Rain (also: Rain (Lech)) is a town in the Donau-Ries district, in Bavaria, Germany. It is situated on the river Lech, close to its confluence with the Danube, 11 km east of Donauwörth.

Rain is on the B16 road and served by the Ingolstadt–Neuoffingen railway (part of the Danube Valley Railway—Donautalbahn), both of which run between Ulm and Regensburg.

The earliest reference to Rain is in a document of the Niederschönenfeld monastery dated 4 July 1257, wherein it is described as a "civitas nostra" or ducal town. It is most probable that Rain was founded during the reign of Otto II Wittelsbach, Duke of Bavaria (1248–1253) or at the latest in the reign of Louis II, Duke of Bavaria (1253–1294) before 1257.

Rain was founded for economic and strategic reasons. The town protected Bavaria from the northwest and collected customs from its bridge over the river Lech.

On 15 April 1632, during the Thirty Years War, the Battle of Rain took place. The Protestant army of Gustavus Adolphus of Sweden defeated the army of the Catholic League commanded by Johann Tserclaes von Tilly. Tilly withdrew his troops to Ingolstadt, where he died from tetanus from an infected gunshot wound in his thigh.

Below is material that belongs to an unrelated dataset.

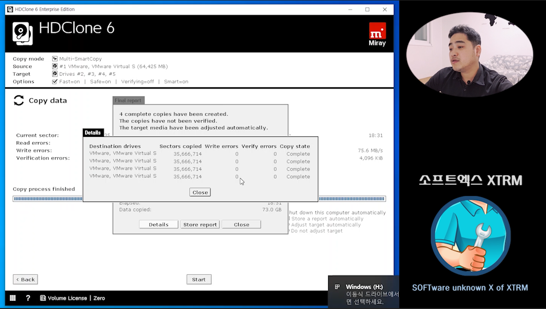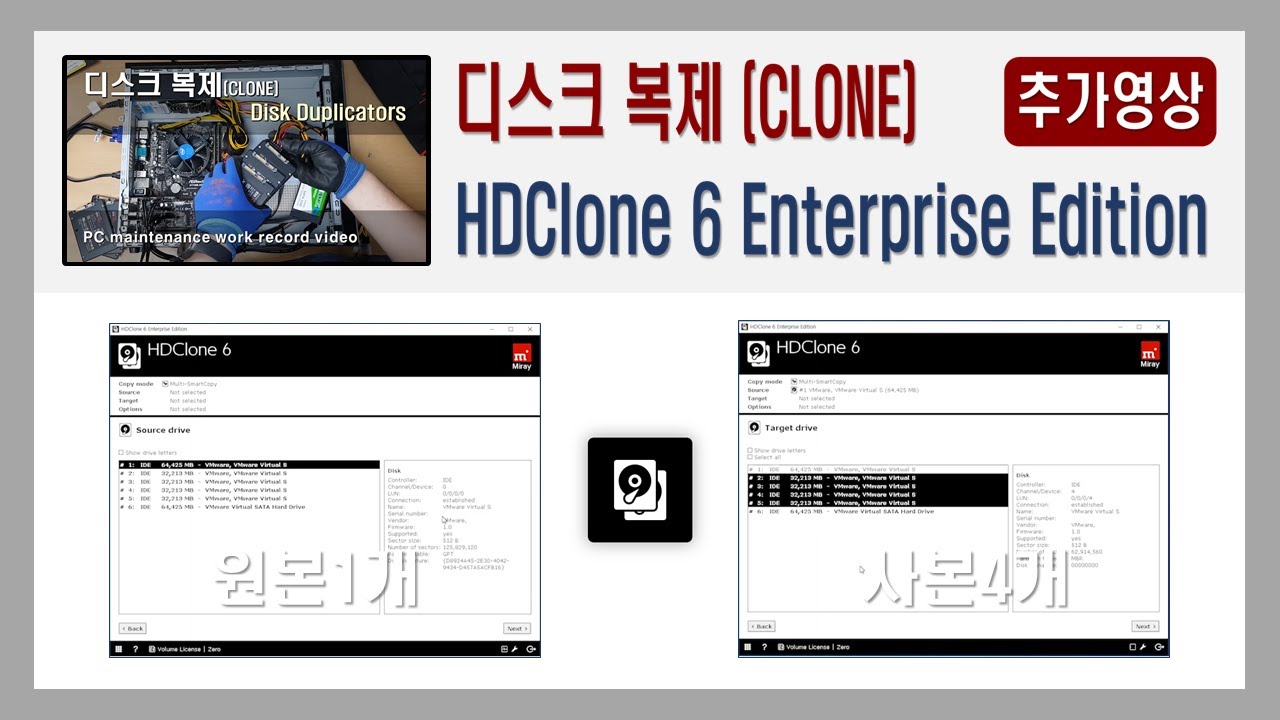 구글 검색으로 HDClone 6 Enterprise Edition 다운로드 받아 가상디스크 1대4로 복제 테스트 영상입니다.

In 1914 a monument commemorating Tilly was erected in front of Rain's Rococo town hall. Rain's architectural heritage also includes the Roman Catholic parish church of St John the Baptist, which features late Gothic frescoes dating from about 1480. There is also the Swabian Gate, the historic Spital with its All Saints' chapel and the former Castle.

Rain has three museums: the Lachner Brothers Museum, Homeland Museum and Jean-Duprai-Museum. The four Lachner brothers, Theodor, Franz, Ignaz and Vinzenz, were nineteenth-century German composers, all of whom were born in the town.

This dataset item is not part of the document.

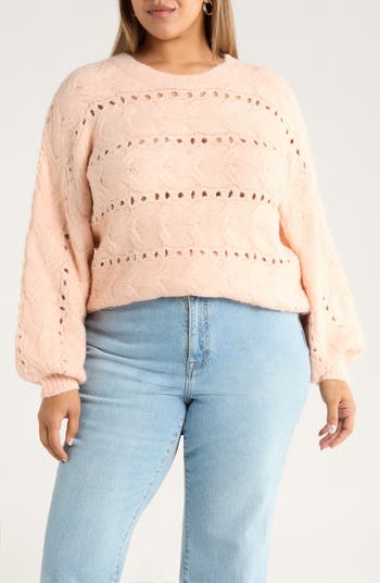 Balloon sleeves frame a fuzzy alpaca-kissed crewneck sweater juxtaposing cables with airy open stitching.

Other historic figures from Rain include lawyer and astronomer Johann Bayer (1562–1625), humanist Georg Tannstetter (1482–1535) and pianist Michael Raucheisen (1889–1984).

Rain is the headquarters of the Dehner chain of garden centres, which employs 1,100 people in the town. Rain's other industries include a sugar refinery employing 240-280 people.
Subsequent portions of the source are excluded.